Aim of the task
Leave out the images and transcribe the entries below word for word.
====== The input
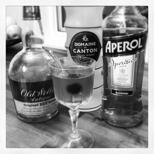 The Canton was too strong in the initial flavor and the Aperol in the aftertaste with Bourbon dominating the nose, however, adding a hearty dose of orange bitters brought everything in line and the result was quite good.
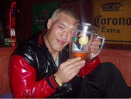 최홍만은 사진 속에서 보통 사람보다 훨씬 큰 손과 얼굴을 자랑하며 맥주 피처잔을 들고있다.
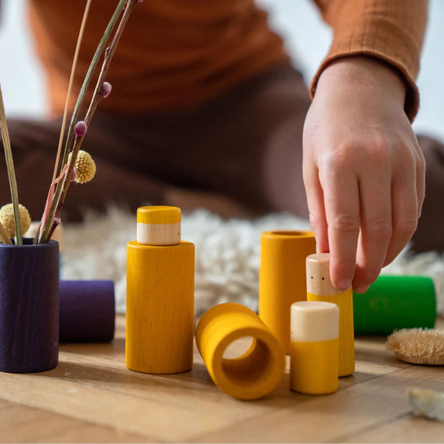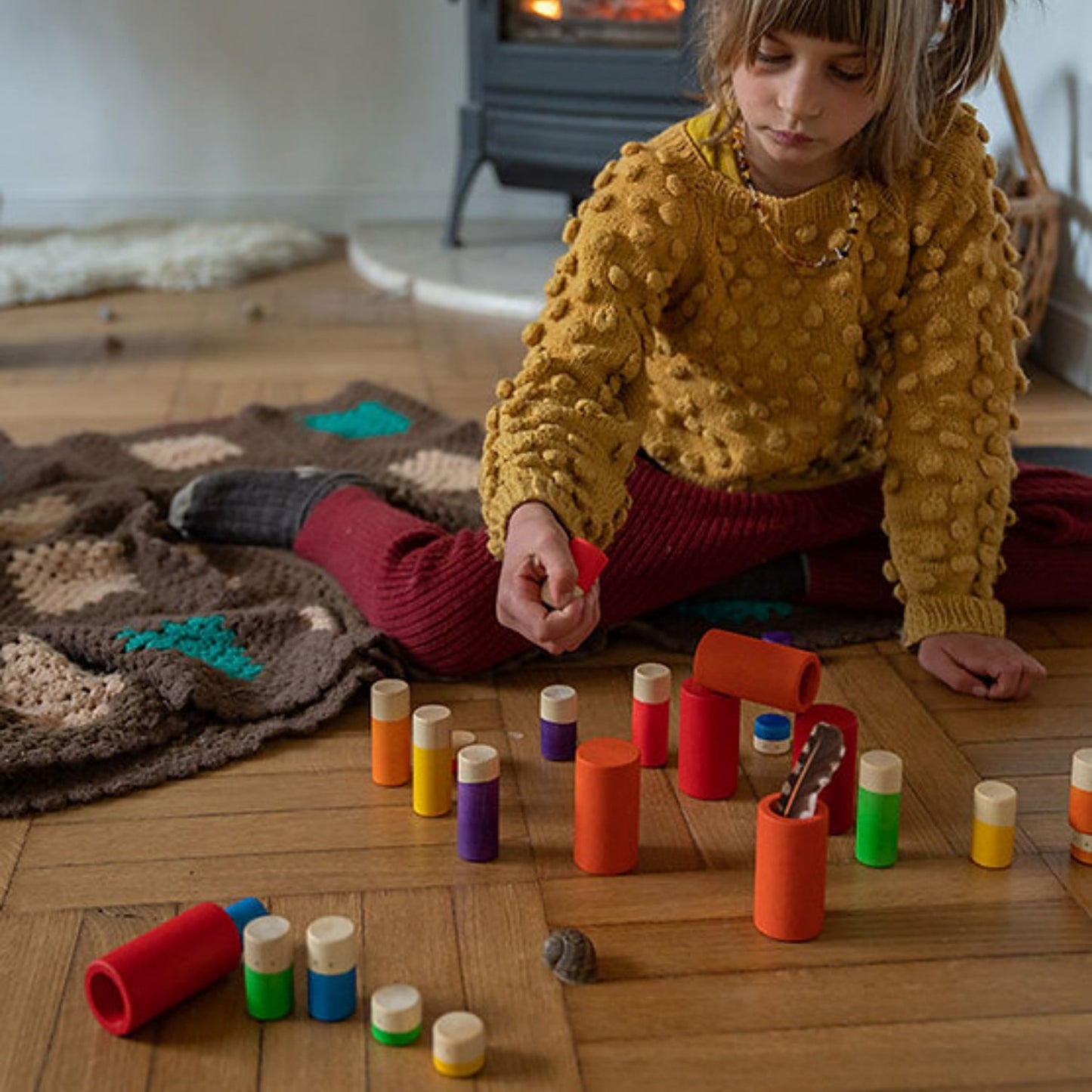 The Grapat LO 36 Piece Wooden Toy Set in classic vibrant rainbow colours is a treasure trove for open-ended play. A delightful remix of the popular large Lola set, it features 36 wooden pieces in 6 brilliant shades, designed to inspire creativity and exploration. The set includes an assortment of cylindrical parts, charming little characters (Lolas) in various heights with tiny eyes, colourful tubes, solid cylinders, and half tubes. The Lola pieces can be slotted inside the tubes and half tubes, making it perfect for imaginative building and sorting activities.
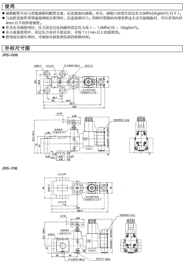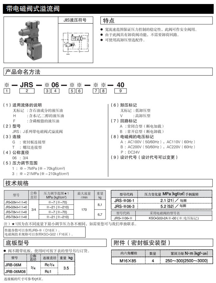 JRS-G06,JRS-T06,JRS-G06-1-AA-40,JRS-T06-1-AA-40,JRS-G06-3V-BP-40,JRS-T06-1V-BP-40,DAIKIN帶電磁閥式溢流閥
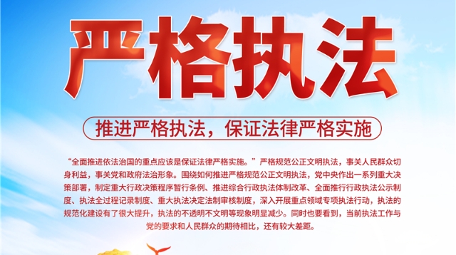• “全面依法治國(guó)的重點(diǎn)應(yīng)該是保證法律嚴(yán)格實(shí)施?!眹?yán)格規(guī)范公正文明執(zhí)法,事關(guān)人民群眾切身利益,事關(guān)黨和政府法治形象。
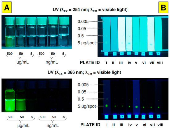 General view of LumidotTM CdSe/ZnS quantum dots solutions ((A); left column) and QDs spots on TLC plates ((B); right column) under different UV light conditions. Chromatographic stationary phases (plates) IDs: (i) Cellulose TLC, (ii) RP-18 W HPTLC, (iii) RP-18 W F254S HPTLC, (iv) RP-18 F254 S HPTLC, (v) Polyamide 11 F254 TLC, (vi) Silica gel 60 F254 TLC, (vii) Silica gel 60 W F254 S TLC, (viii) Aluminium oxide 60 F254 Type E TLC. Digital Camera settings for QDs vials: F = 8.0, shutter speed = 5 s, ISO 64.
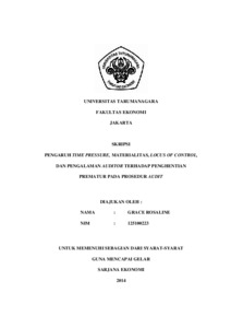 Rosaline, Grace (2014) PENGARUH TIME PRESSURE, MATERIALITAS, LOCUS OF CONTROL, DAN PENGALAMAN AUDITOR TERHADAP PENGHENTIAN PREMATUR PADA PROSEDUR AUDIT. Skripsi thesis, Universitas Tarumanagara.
============
Written answer
 The Canton was too strong in the initial flavor and the Aperol in the aftertaste with Bourbon dominating the nose, however, adding a hearty dose of orange bitters brought everything in line and the result was quite good.
 최홍만은 사진 속에서 보통 사람보다 훨씬 큰 손과 얼굴을 자랑하며 맥주 피처잔을 들고있다.
 The Grapat LO 36 Piece Wooden Toy Set in classic vibrant rainbow colours is a treasure trove for open-ended play. A delightful remix of the popular large Lola set, it features 36 wooden pieces in 6 brilliant shades, designed to inspire creativity and exploration. The set includes an assortment of cylindrical parts, charming little characters (Lolas) in various heights with tiny eyes, colourful tubes, solid cylinders, and half tubes. The Lola pieces can be slotted inside the tubes and half tubes, making it perfect for imaginative building and sorting activities.
 JRS-G06,JRS-T06,JRS-G06-1-AA-40,JRS-T06-1-AA-40,JRS-G06-3V-BP-40,JRS-T06-1V-BP-40,DAIKIN帶電磁閥式溢流閥
• “全面依法治國(guó)的重點(diǎn)應(yīng)該是保證法律嚴(yán)格實(shí)施?!眹?yán)格規(guī)范公正文明執(zhí)法,事關(guān)人民群眾切身利益,事關(guān)黨和政府法治形象。
 General view of LumidotTM CdSe/ZnS quantum dots solutions ((A); left column) and QDs spots on TLC plates ((B); right column) under different UV light conditions. Chromatographic stationary phases (plates) IDs: (i) Cellulose TLC, (ii) RP-18 W HPTLC, (iii) RP-18 W F254S HPTLC, (iv) RP-18 F254 S HPTLC, (v) Polyamide 11 F254 TLC, (vi) Silica gel 60 F254 TLC, (vii) Silica gel 60 W F254 S TLC, (viii) Aluminium oxide 60 F254 Type E TLC. Digital Camera settings for QDs vials: F = 8.0, shutter speed = 5 s, ISO 64.
 Rosaline, Grace (2014) PENGARUH TIME PRESSURE, MATERIALITAS, LOCUS OF CONTROL, DAN PENGALAMAN AUDITOR TERHADAP PENGHENTIAN PREMATUR PADA PROSEDUR AUDIT. Skripsi thesis, Universitas Tarumanagara.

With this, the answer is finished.